DEVIATION-2 -- raise a KVM host's RAM, then MAAS-recommission to Ready (phase-00)

  • Context (2026-06-11): the openstack0-3 KVM guests were bumped 16384 -> 32768 MiB on the 196 GB hypervisor to relieve memory pressure. Pattern: with the guest SHUT OFF (and after the OSD wipe), virsh setmaxmem <dom> 32G --config then virsh setmem <dom> 32G --config; boot; then MAAS RECOMMISSION the node so MAAS re-reads hardware and lands it back at Ready at the new size (4x Ready at 32768 in ~3 min). Do the maxmem change while shut off -- a live setmaxmem is rejected.
  • D-040 reserved-host-memory 8192 is RETAINED (correctness floor, independent of host size). Re-measure the per-host container/service footprint against the 32 GiB envelope before the Roosevelt node-role split -- 16 GiB-era pressure numbers do not map 1:1.

================================================================================

Deploy-time (phase-01)

================================================================================

R14 -- VIP relocation .224-.236 -> .50-.60 (phase-01)

  • The public + internal API VIPs were front-loaded out of the old high-end .224-.236 block into .50-.60 (inside the reserved .2-.63 /26). Every bundle vip: is a dual provider+metal pair "10.12.4.5x 10.12.8.5x" (D-020). Pre-deploy guard: total provider VIPs=11, all in .50-.60, zero in the stale .10-.20 (phase-01 1.1). Any per-cloud consumer of a VIP (the Horizon reverse proxy, monitoring) must be repointed.
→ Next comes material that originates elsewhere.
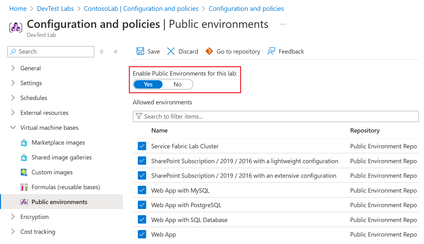 На странице "Общедоступные среды " задайте для параметра "Включить общедоступные среды" для этого параметра лаборатории значение "Да " или "Нет".

R15 -- the .10 phantom resolver (phase-01)

  • Symptom: an unreachable region resolver 10.12.8.10 appears in a node's resolver list (sometimes as Current DNS Server) despite the subnet dns_servers override.
  • Cause: MAAS advertises its region/rack controller as a DNS server on the MAAS-managed metal VLAN, independent of the subnet field; the override does not purge it.
  • Impact: NON-BLOCKING -- systemd-resolved deprioritizes .10 and falls through to .1. Latent fragility if .1 ever drops. Understand/eliminate for Roosevelt (no libvirt split there).

L1 -- no set -e on count-gate blocks; guard greps || true (phase-01)
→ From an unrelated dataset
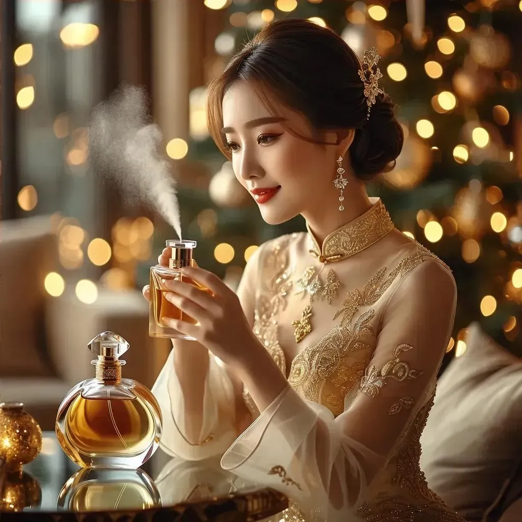 Create festive AI-generated visuals of a Chinese model posing with perfume in a Christmas-themed living room. Perfect for holiday marketing content, seasonal branding, and professional product photography using vivago.ai's AI image tools for lifelike details and atmospheric scenes.

  • A guarded grep -c returning 0 is a VALID answer, not a failure. Under set -e a zero-count grep aborts the block. Pre-deploy verify blocks run WITHOUT set -e, and every count grep ends || true. (bash -n would not catch this -- it is behavior.)
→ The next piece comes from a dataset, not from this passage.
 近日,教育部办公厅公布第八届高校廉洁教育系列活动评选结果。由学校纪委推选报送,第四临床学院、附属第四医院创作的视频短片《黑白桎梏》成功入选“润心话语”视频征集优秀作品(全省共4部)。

L3 -- metal-side dual-VIP eyeball check (phase-01)

  • The provider-side VIP guard greps only the first token of each dual vip:. The metal side (second token, 10.12.8.5x) must be eyeballed to confirm all 11 sit in .8.50-.60, clear of metal infra (.8.10 maas / .8.20 lxd / .8.21 capi / .8.30 juju).

================================================================================

Vault / secrets (phase-02)

================================================================================

DOCFIX-006 -- vault init is one-shot; stdout-only redirect loses the keys (phase-02)

  • Symptom: vault operator init ... > file captures stdout only; if the key block went to stderr (or the run is interrupted) you are left with an unusable/empty file and the 5 shares + root token are GONE -- init runs exactly once and cannot be replayed.
  • Fix: vault operator init -key-shares=5 -key-threshold=3 2>&1 | tee ~/vault-init/init.txt VERBATIM; gate on grep -c '^Unseal Key' == 5 and Initial Root Token present; then save the file OFF-HOST before anything else. Never improvise this command.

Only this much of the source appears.